# [Instructions to follow]
Within the entries below, please retype exactly the lines starting with the line that has "河南防水防腐与环保地基施工一级资质+水利AAA信用评价合作【河南兴木】 2026年1月10日 作者" and going on through the line that has "Используемый материал: корпус - ламинированное", but not the pictures.

--------

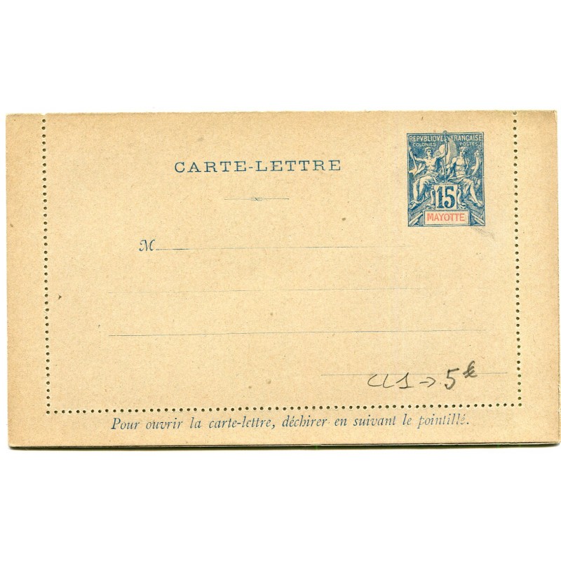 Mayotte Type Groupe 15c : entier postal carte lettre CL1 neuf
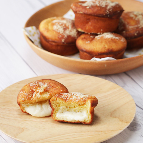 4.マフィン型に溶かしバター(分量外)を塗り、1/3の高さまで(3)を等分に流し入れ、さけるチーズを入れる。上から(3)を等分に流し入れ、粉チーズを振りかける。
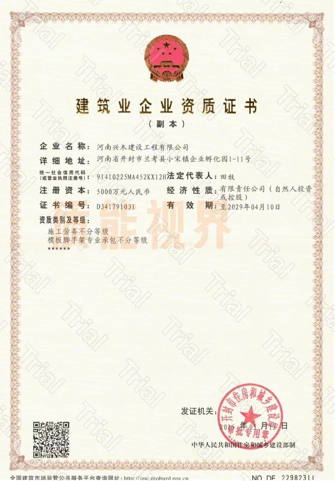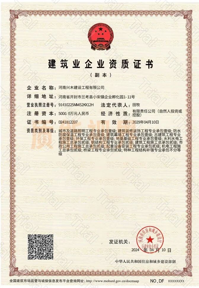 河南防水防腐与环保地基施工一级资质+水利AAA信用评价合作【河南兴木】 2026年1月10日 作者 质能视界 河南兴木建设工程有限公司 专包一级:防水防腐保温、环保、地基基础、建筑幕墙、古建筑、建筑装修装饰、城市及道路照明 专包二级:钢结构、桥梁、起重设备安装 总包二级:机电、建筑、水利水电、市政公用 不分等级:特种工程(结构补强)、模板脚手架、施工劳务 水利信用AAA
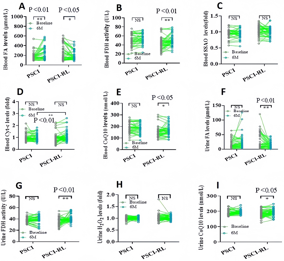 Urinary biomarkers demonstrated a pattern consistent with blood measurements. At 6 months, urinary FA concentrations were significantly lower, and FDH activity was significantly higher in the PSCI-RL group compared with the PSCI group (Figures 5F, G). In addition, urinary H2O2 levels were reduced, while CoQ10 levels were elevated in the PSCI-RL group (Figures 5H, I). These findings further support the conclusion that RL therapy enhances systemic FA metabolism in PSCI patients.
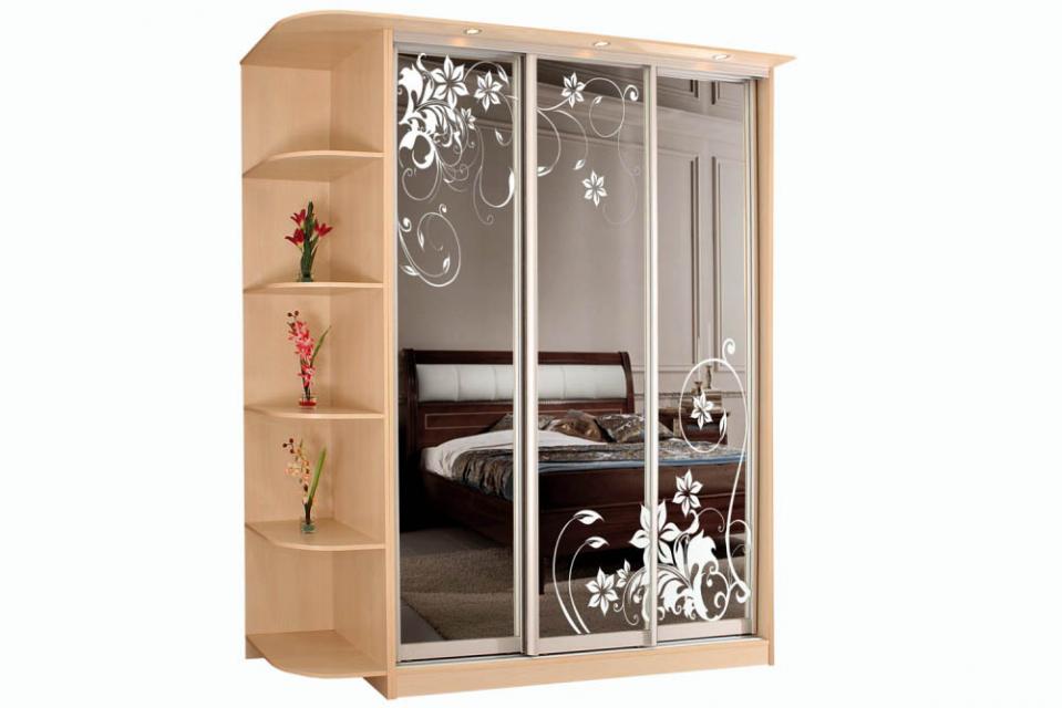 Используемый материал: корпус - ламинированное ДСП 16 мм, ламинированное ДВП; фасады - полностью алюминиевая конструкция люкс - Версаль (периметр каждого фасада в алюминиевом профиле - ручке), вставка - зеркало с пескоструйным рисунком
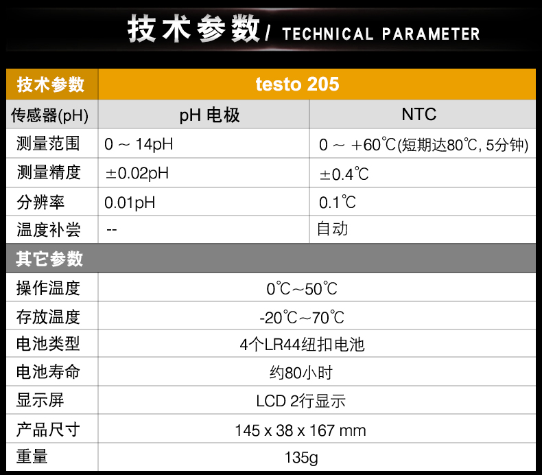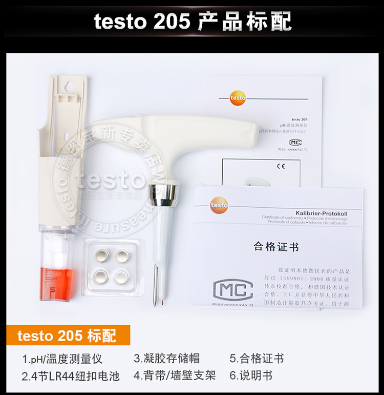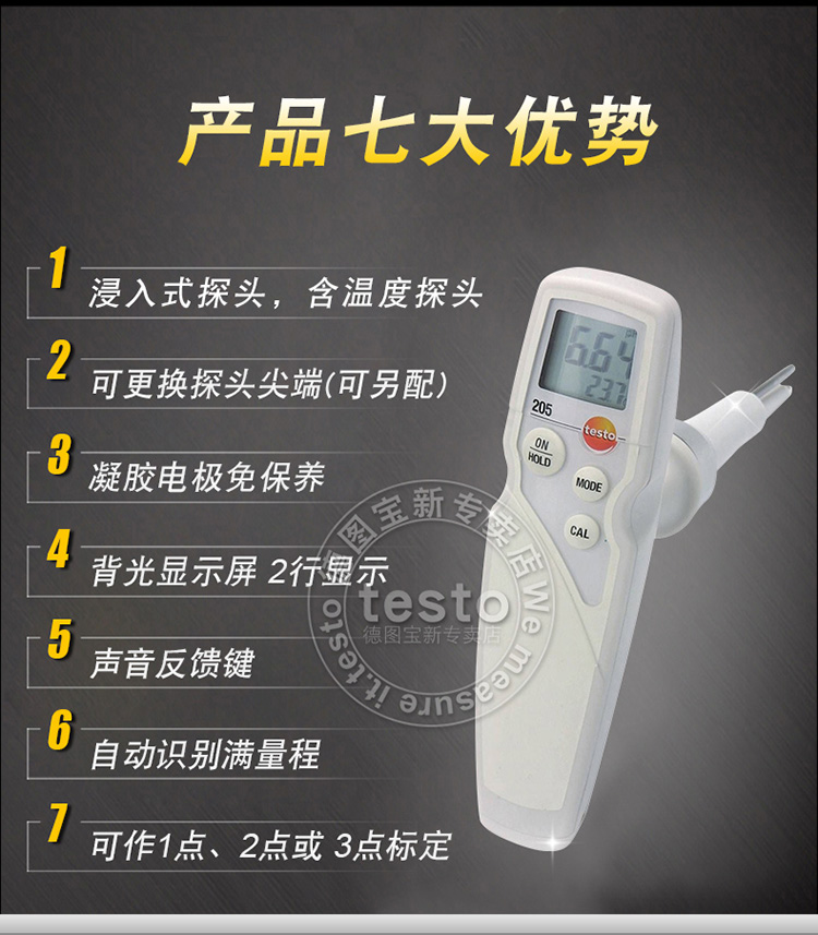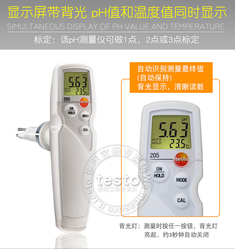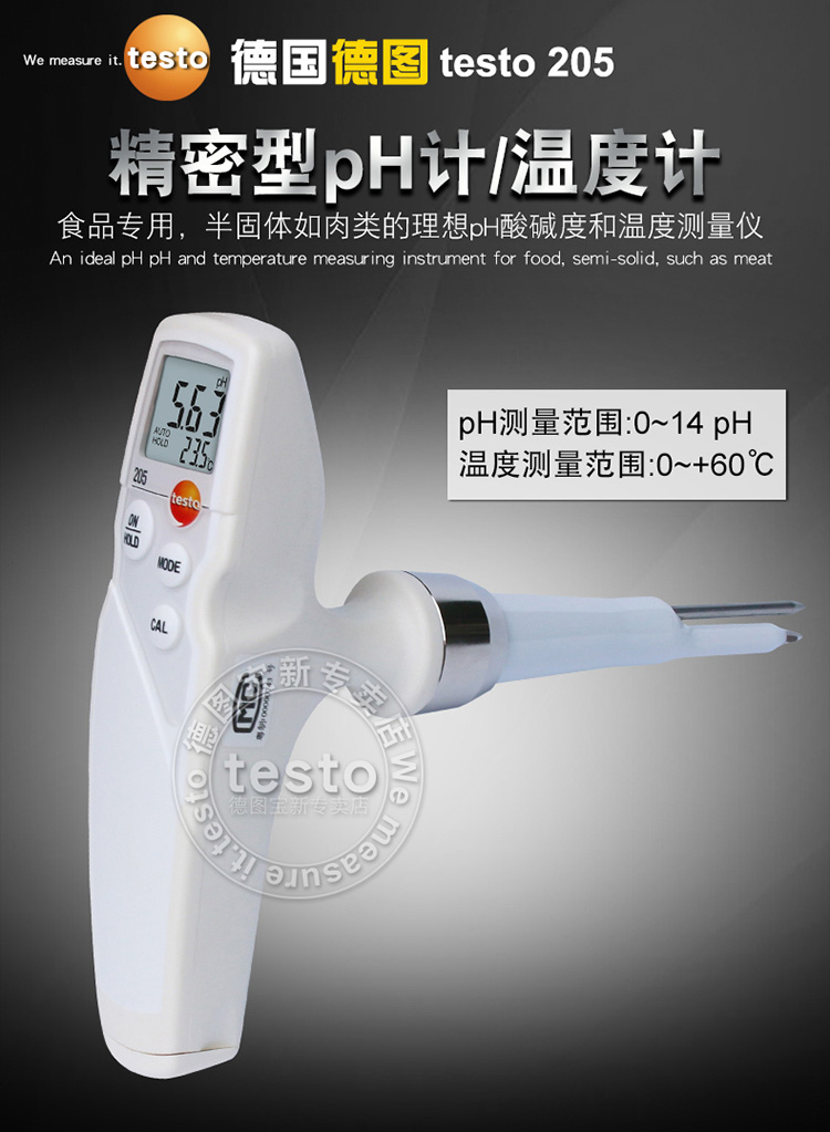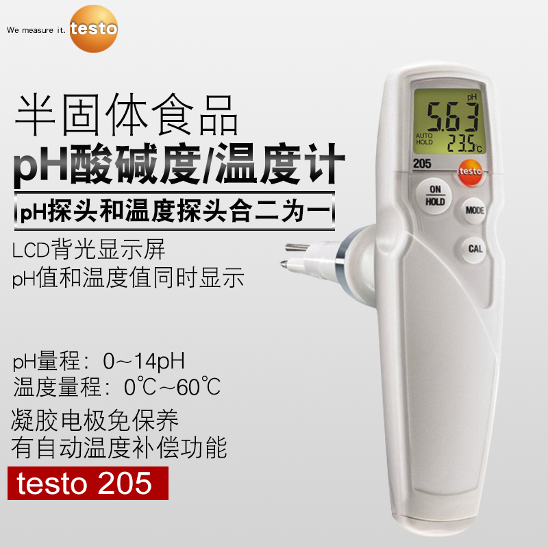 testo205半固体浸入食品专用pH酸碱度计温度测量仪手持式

--------

# [Reply]
 河南防水防腐与环保地基施工一级资质+水利AAA信用评价合作【河南兴木】 2026年1月10日 作者 质能视界 河南兴木建设工程有限公司 专包一级:防水防腐保温、环保、地基基础、建筑幕墙、古建筑、建筑装修装饰、城市及道路照明 专包二级:钢结构、桥梁、起重设备安装 总包二级:机电、建筑、水利水电、市政公用 不分等级:特种工程(结构补强)、模板脚手架、施工劳务 水利信用AAA
 Urinary biomarkers demonstrated a pattern consistent with blood measurements. At 6 months, urinary FA concentrations were significantly lower, and FDH activity was significantly higher in the PSCI-RL group compared with the PSCI group (Figures 5F, G). In addition, urinary H2O2 levels were reduced, while CoQ10 levels were elevated in the PSCI-RL group (Figures 5H, I). These findings further support the conclusion that RL therapy enhances systemic FA metabolism in PSCI patients.
 Используемый материал: корпус - ламинированное ДСП 16 мм, ламинированное ДВП; фасады - полностью алюминиевая конструкция люкс - Версаль (периметр каждого фасада в алюминиевом профиле - ручке), вставка - зеркало с пескоструйным рисунком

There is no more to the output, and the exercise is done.